Psychische Belastungen können sich negativ auf unsere Herzgesundheit auswirken. Zum einen ruft psychischer Stress körperliche Reaktionen wie einen Anstieg des Blutdrucks hervor, die auf lange Sicht Herz-Kreislauf-Erkrankungen begünstigen. Gleichzeitig tragen Stress und psychische Erkrankungen, beispielsweise Depressionen, zu gesundheitsschädlichen Verhaltensweisen bei: Betroffene ernähren sich oft ungesund, bewegen sich weniger oder vernachlässigen medizinische Vorsorgemaßnahmen. So kann psychischer Stress zu akuten Herzbeschwerden bis hin zu Herzinfarkt, Herzrhythmusstörungen oder Herzinsuffizienz (Herzschwäche) führen.

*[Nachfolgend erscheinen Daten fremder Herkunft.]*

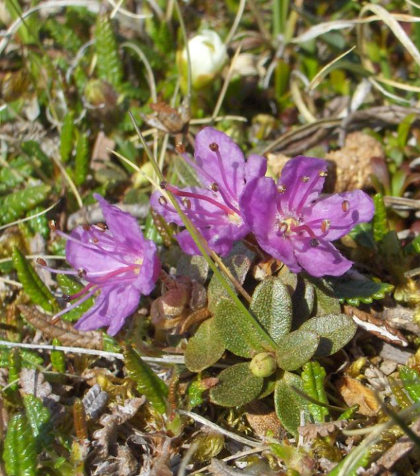
Lapinalppiruusu kukkii, kuvattu Saanalla 2013

Lapinalppiruusu ( Rhododendron lapponicum ) on harvinainen Suomessa, sillä on vain pari kasvupaikkaa Käsivarren Lapissa, Utsjoelta laji lienee kadonnut. Aivan pohjoisimmassa Käsivarressa sitä tavataan kolmella tunturilla joista Saanalla se on helpoiten löydettävissä. Mallan luonnonpuistossa sitä pitäisi myös kasvaa, mutta kulkeminen on sallittu ainoastaan polkureitillä kolmen valtakunnan rajalle, ja tuon polun varressa sitä ei kasva.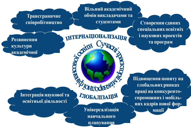
Рисунок 3 – Траєкторії сучасної фінансової освіти

Подібне конструювання освітньо-наукової програми підготовки науково-педагогічних кадрів за спеціальністю 072 «Фінанси, банківська справа та страхування» дозволяє вирішити комплекс проблем, пов'язаних із реальним запровадженням компетентнісного підходу, розвиненням культури академічної автономії, ступеневої та кредитної мобільності, і забезпечує реалізацію процесів інтернаціоналізації та глобалізації в межах сучасних траєкторій міжнародної фінансової освіти (рис. 3).

Herzprobleme können psychisch bedingt sein  

Neben diesen organischen (also körperlich nachweisbaren) Herzkrankheiten kann die Psyche auch sogenannte funktionelle Herzbeschwerden auslösen. Darunter versteht man Symptome wie Herzstolpern, Herzrasen oder Herzschmerzen, für die sich allerdings keine ursächlichen Schäden am Herzen finden lassen. Häufig liegt hier eine durch Stress ausgelöste Störung des Nervensystems vor, die zum Beispiel Verspannungen der Muskeln oder eine Verkrampfung der Herzkranzgefäße verursacht. Eine rein internistische Behandlung bleibt bei solchen Beschwerden meist erfolglos.   

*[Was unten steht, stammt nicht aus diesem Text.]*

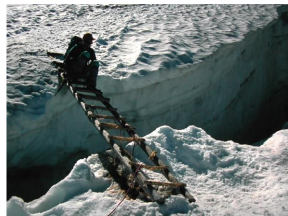
Travessant una esquerda

El telefèric del Pla de l'Aiguille és el darrer tràmit per baixar a la vall amb la sensació d'alegria per haver escalat un gran cim, el més gran dels Alps.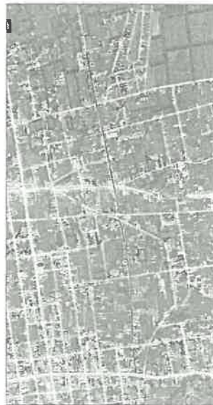
Figura 02. Vía a intervenir Jr. Alfonso Ugarte del distrito de Huancan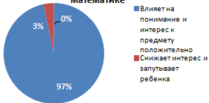
1. Участие в проекте Вашего ребенка по математике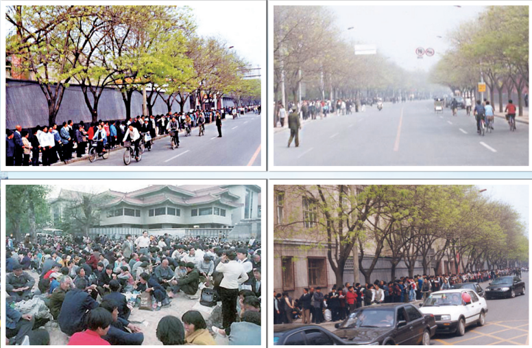
左图:1998年武汉五千名法轮功学员排出法轮图形及真善忍。右图:上万名法轮功学员到中南海附近的中央信访办和平上访，整个过程秩序良好交通井然。

四二五这个日子记载万名法轮功修炼者在最专制严苛的环境下，以至纯至真、大善大勇、理性自律的方式，彰显“真善忍”修炼理念的伟大壮举；它树立和平理性制止迫害的典范。在随后的二十二年中国和海外的法轮功学员们始终走在一条慈悲善良、和平理性，展现法轮大法“真善忍”的美好的讲清真相之路。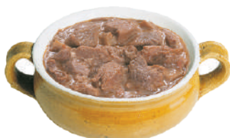
DEMETRA BOCCONCINI DI CINGHIALE ALLA BOSCAIOLA 870G 27073 - LATTA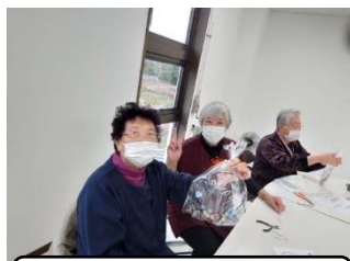
ワイヤーアート体験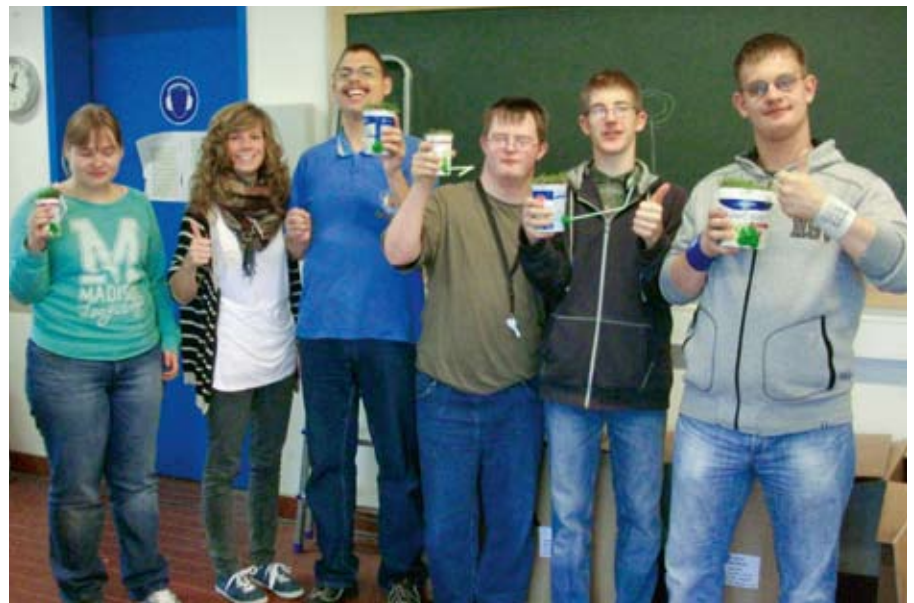
Experimentierfreu(n)de zum Thema „Wasser“.

Wenn das Herz selbst zum Stressfaktor wird 

Doch auch der umgekehrte Fall ist möglich: Schwere Herzereignisse können die Psyche stark unter Stress setzen. Ein Herzinfarkt löst beispielsweise bei Betroffenen fast immer Todesängste aus – auch wenn diese nicht immer bewusst wahrgenommen werden. Vor allem, wenn die Therapie der Herzerkrankung zusätzliche Belastungen mit sich bringt – wie Schockabgaben eines implantierten Defibrillators, häufige Krankenhausaufenthalte oder erhebliche Nebenwirkungen der Herzmedikamente – folgen oft Depressionen oder Angststörungen. Es entsteht ein Teufelskreis aus Herzkrankheit und psychischen Beschwerden.   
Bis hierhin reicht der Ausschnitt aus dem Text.